* **Source data**:
##############################

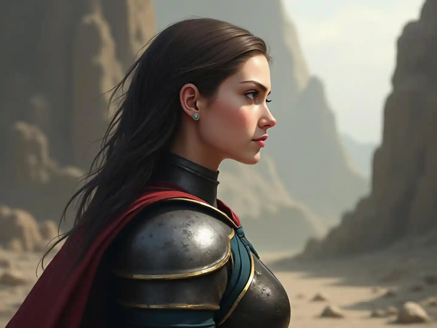 Masterpiece, ultra-detailed digital painting of a heroic female knight (age:25-30), Caucasian, in profile view gazing into the distance with a determined yet se
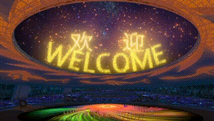 當(dāng)宣布本屆世界大學(xué)生運(yùn)動(dòng)會(huì)開幕時(shí),空中金色焰火熱烈綻放,隨后空中出現(xiàn)“歡迎”“WELCOME”字樣,隨著大運(yùn)會(huì)火炬塔被點(diǎn)燃,焰火在空中打出成都第31屆世界大學(xué)生夏季運(yùn)動(dòng)會(huì)U形會(huì)徽,體育場(chǎng)上空焰火呈現(xiàn)英文“Make Dreams Come True”,命運(yùn)與共,成就夢(mèng)想。
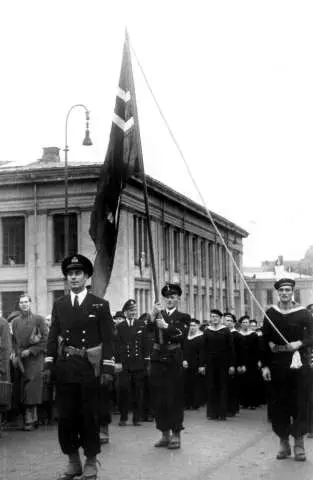 Fra Oslo under fredsdagene i 1945. Marinen marsjerer opp Karl Johans gate.Universitetet i bakgrunnen.

##############################

* **The problem**: An exact reproduction of the material is needed, without its images.

* **Response to this task**:
 Masterpiece, ultra-detailed digital painting of a heroic female knight (age:25-30), Caucasian, in profile view gazing into the distance with a determined yet se
 當(dāng)宣布本屆世界大學(xué)生運(yùn)動(dòng)會(huì)開幕時(shí),空中金色焰火熱烈綻放,隨后空中出現(xiàn)“歡迎”“WELCOME”字樣,隨著大運(yùn)會(huì)火炬塔被點(diǎn)燃,焰火在空中打出成都第31屆世界大學(xué)生夏季運(yùn)動(dòng)會(huì)U形會(huì)徽,體育場(chǎng)上空焰火呈現(xiàn)英文“Make Dreams Come True”,命運(yùn)與共,成就夢(mèng)想。
 Fra Oslo under fredsdagene i 1945. Marinen marsjerer opp Karl Johans gate.Universitetet i bakgrunnen.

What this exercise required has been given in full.